Yannick Koehler wrote:
First, I am new to this mailing list, so I am trying to be extra careful. I am using FreeRADIUS locally and its memory in a particular situation keep increasing by a lot. Basically, I see a RADIUS exchange that fails (timeout) before reaching the ACCEPT/REJECT. I traced the memory and debugged a lot to find out that the tls_new_session() inside tls.c is invoked and allocated a tls_session_t of 64k, then that structure is kept in memory without any means that I could found to be cleared when the RADIUS exchanged terminate abruptly.
See "max_sessions" in the eap module. Set it to "2", and you'll see that the third session will be refused. See also "timer_expire". Set it to "5", and when you try a new EAP session, any sessions older than 5 seconds will be removed.

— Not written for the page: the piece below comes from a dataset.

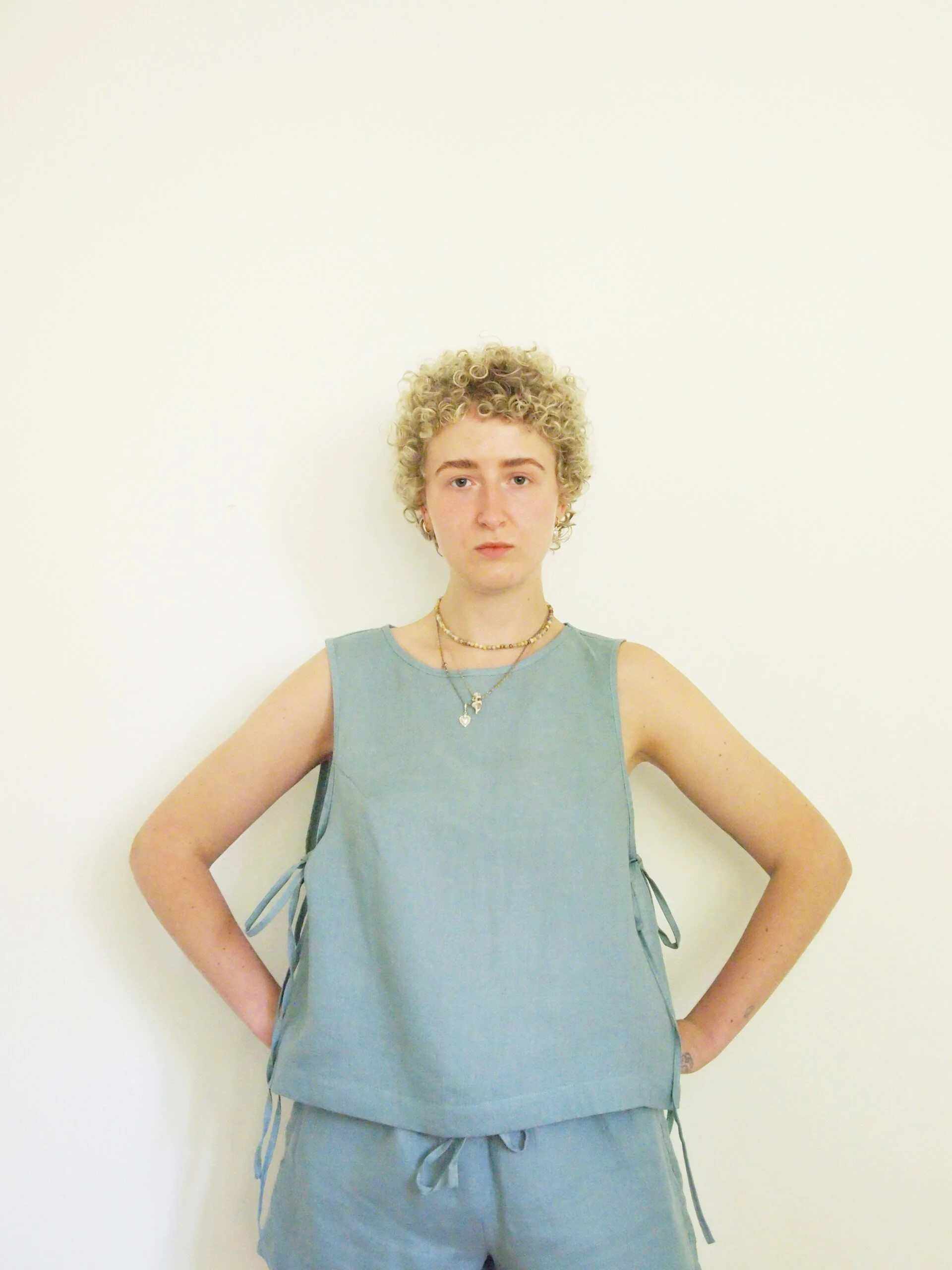 Top z wiązaniem po bokach morski od polskiej marki Łyko. Charakteryzuje się prostym i klasycznym fasonem. Top uszyta jest w 100% z lnu zmiękczonego metodą stonewashed.  Połączenie wygodnego kroju i oddychającej tkaniny sprawi, że będziesz je nosić cały rok. Posłuży ci dłużej, niż koszulka z bawełny, dzięki niezwykłym właściwościom lnu.

I can repeat this over and over and there appear to be no limit as to how much FreeRADIUS can steal from my main memory. Considering that I saw that memory leak in the past are seen as security issue, I am therefore wondering if I am right or not. I could not find any timeout or clean up behavior to ensure that first the number of TLS session is capped and second that if the RADIUS exchange is stopped before the end that the associated tls session gets cleared, so I help here would be appreciated.

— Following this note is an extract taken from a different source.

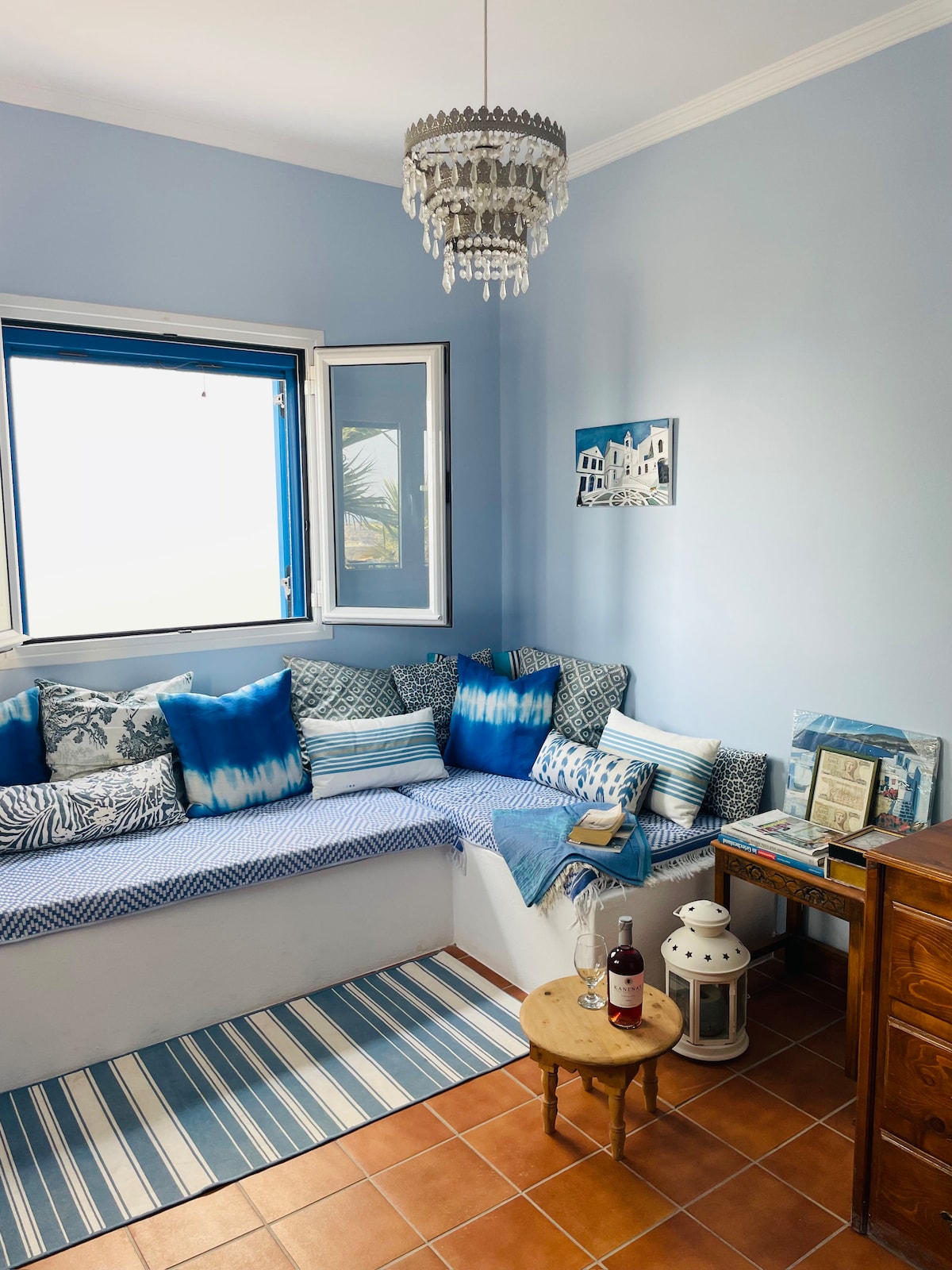 Bienvenido a nuestro departamento, una escapada única de relajación a solo unos pasos del mar. Aquí encontrarás un ambiente tranquilo y acogedor que combina la estética tradicional con las comodidades modernas. El amplio patio al aire libre está equipado con una mesa y sillas, ofreciendo el lugar perfecto para cenar o relajarse bajo el sol. El interior del apartamento es luminoso y espacioso, con grandes ventanales que permiten que la luz natural llene el espacio.

The tls data structure is tied to an EAP session. The EAP session is managed by a handler. That handler is in turn managed. See src/modules/rlm_eap/mem.c.
One could reproduce something like that by sending a RADIUS Access Request with a EAP Identity Response and at the reception of the RADIUS Access Challenge, just ignore it and keep sending new RADIUS Access Request with new EAP Identity Response.
Try it with the above configuration. You should see that there are limits both on the number of sessions, and how long each session is allowed to last. Alan DeKok.